The debunking of the Bush administration's pre-war certainties on Iraq gathered pace yesterday when it emerged that the CIA knew for months that a connection between Saddam Hussein and al-Qaida was highly unlikely. As President George Bush was forced for the second time in days to defend the decision to go to war, a new set of leaks from CIA officials suggested a tendency in the White House to suppress or ignore intelligence findings which did not shore up the case for war.

The interrogation reports of two senior al-Qaida members, both in US custody, showed that the CIA had reason to doubt the allegations of a connection between Saddam's regime and the attacks on the World Trade Centre and the Pentagon.

Such assertions, promoted vigorously by the defence secretary, Donald Rumsfeld, were used as an additional justification for war, after the central argument that Iraq's arsenal of banned weapons posed an imminent danger.

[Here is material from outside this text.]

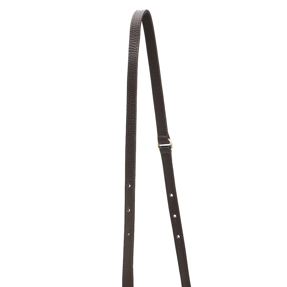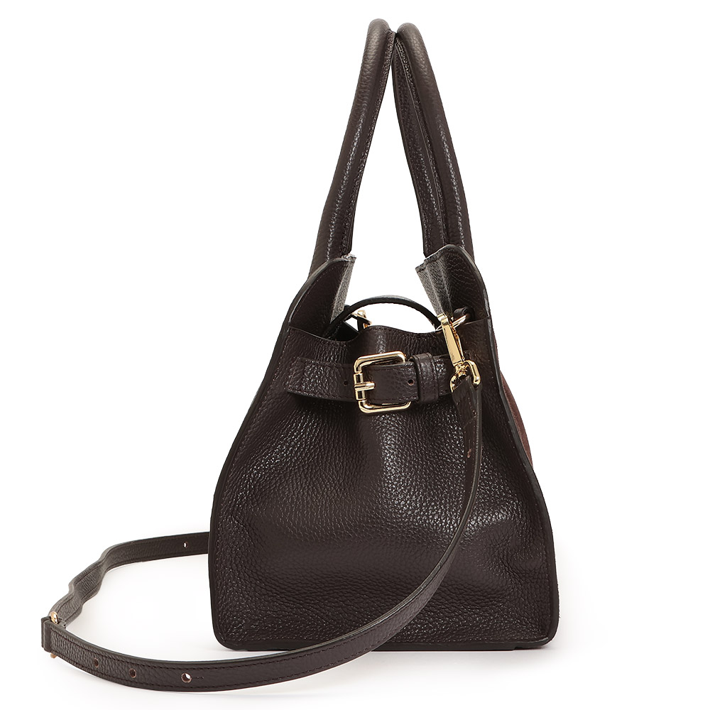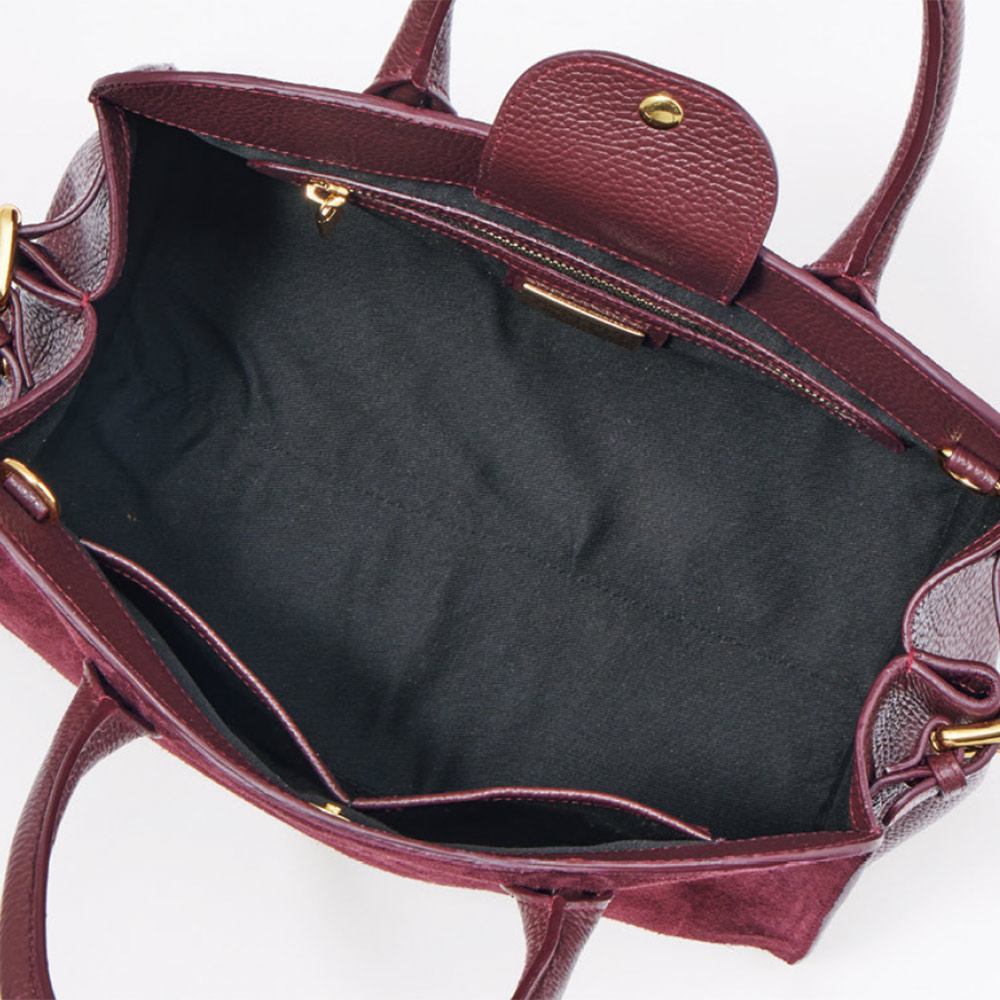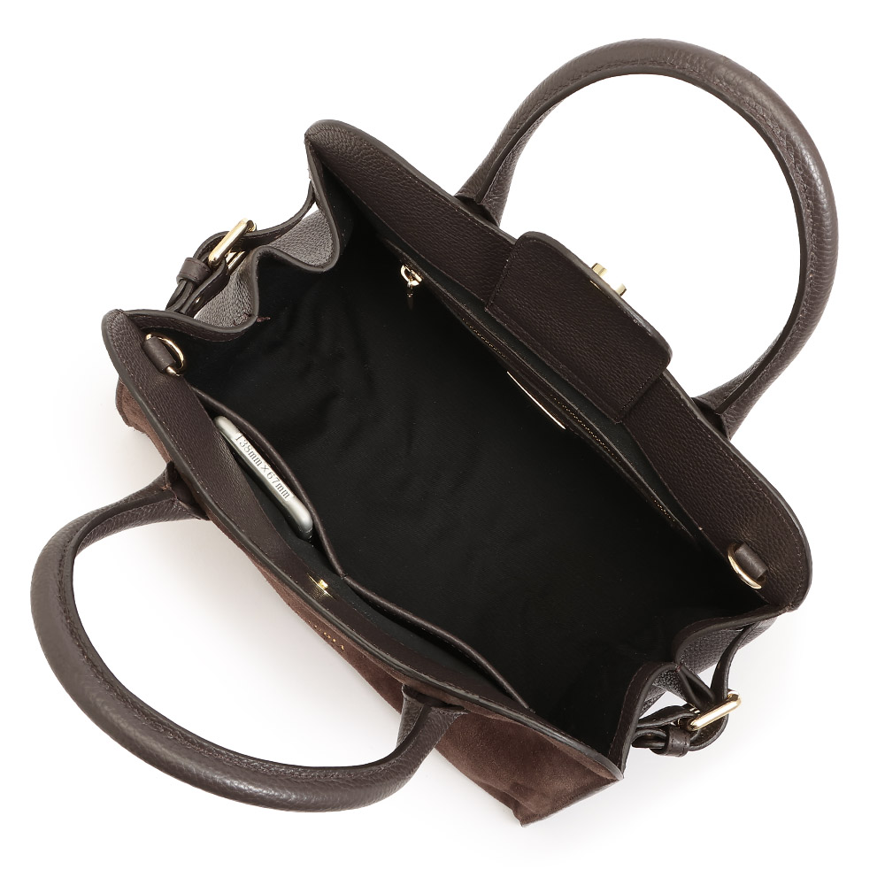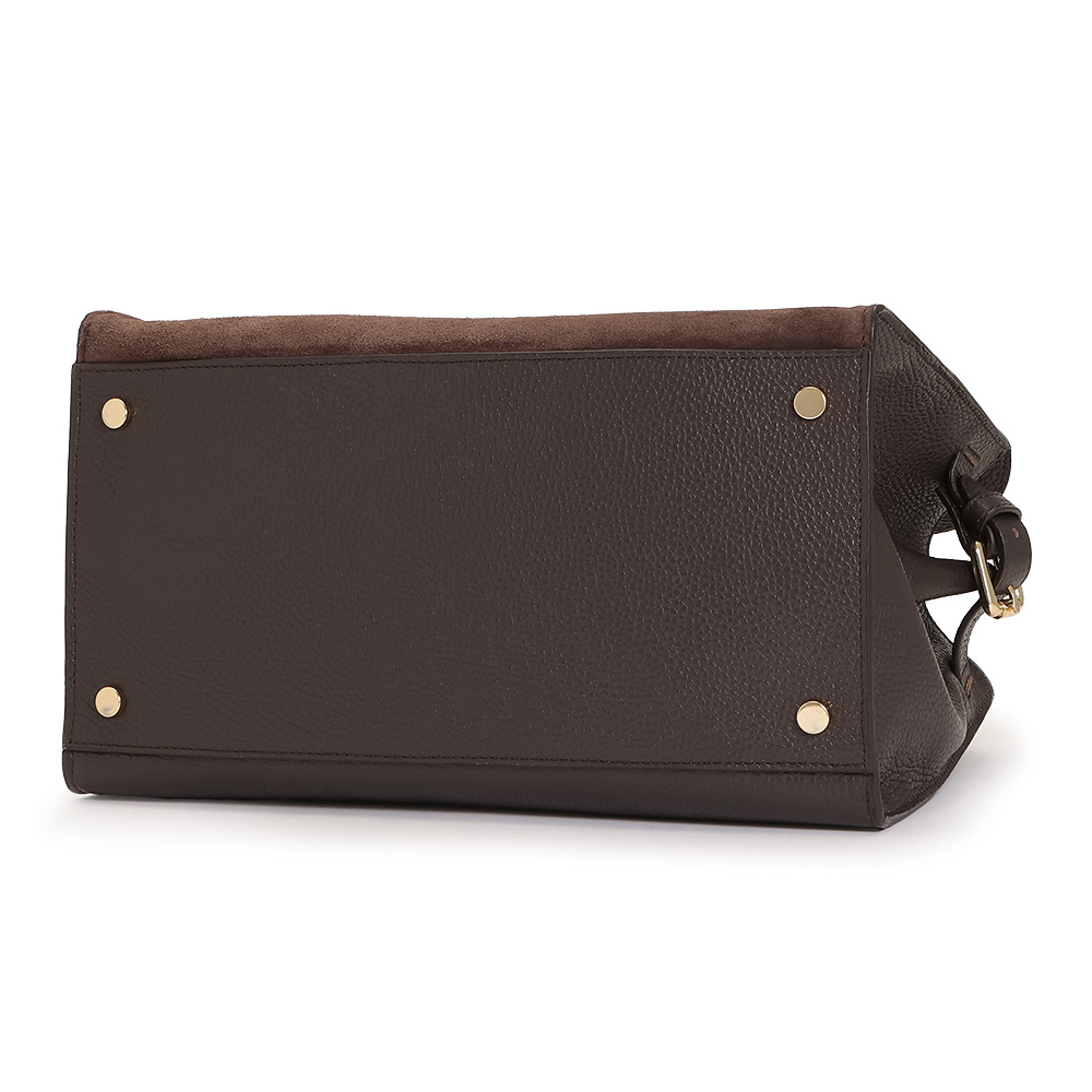前胴のみスエード、他はシュリンク型押しレザーを使ったバッグ。幅広のマチや様々な内ポケットで頼もしい収納力が。サイドベルトやベロホックなど、細かな作りにイタリアらしいセンスを感じます。商品画像の説明。

The charge of a link between Osama bin Laden and Saddam was contentious even at the time, and yesterday's report in the New York Times that the two al-Qaida members, Abu Zubaydah and Khalid Sheikh Mohammed, dismissed the idea deepened the impression that Americans had been deliberately misled to support the decision for war.

In recent days that impression has become sufficiently widespread to put officials on the defensive.

Yesterday Mr Bush predicted that US inspectors scouring Iraq would soon find evidence of a programme of weapons of mass destruction. He also reaffirmed that al-Qaida maintained a network in Baghdad.

"Intelligence throughout the decade shows they had a weapons programme," Mr Bush said. "I am absolutely convinced that with time, we'll find out they did have a weapons programme."

That assertion stops well short of Mr Bush's statement during a visit to Poland on May 31 that US troops had already found weapons of mass destruction: two trailers the US said at the time had been used as mobile biological labs.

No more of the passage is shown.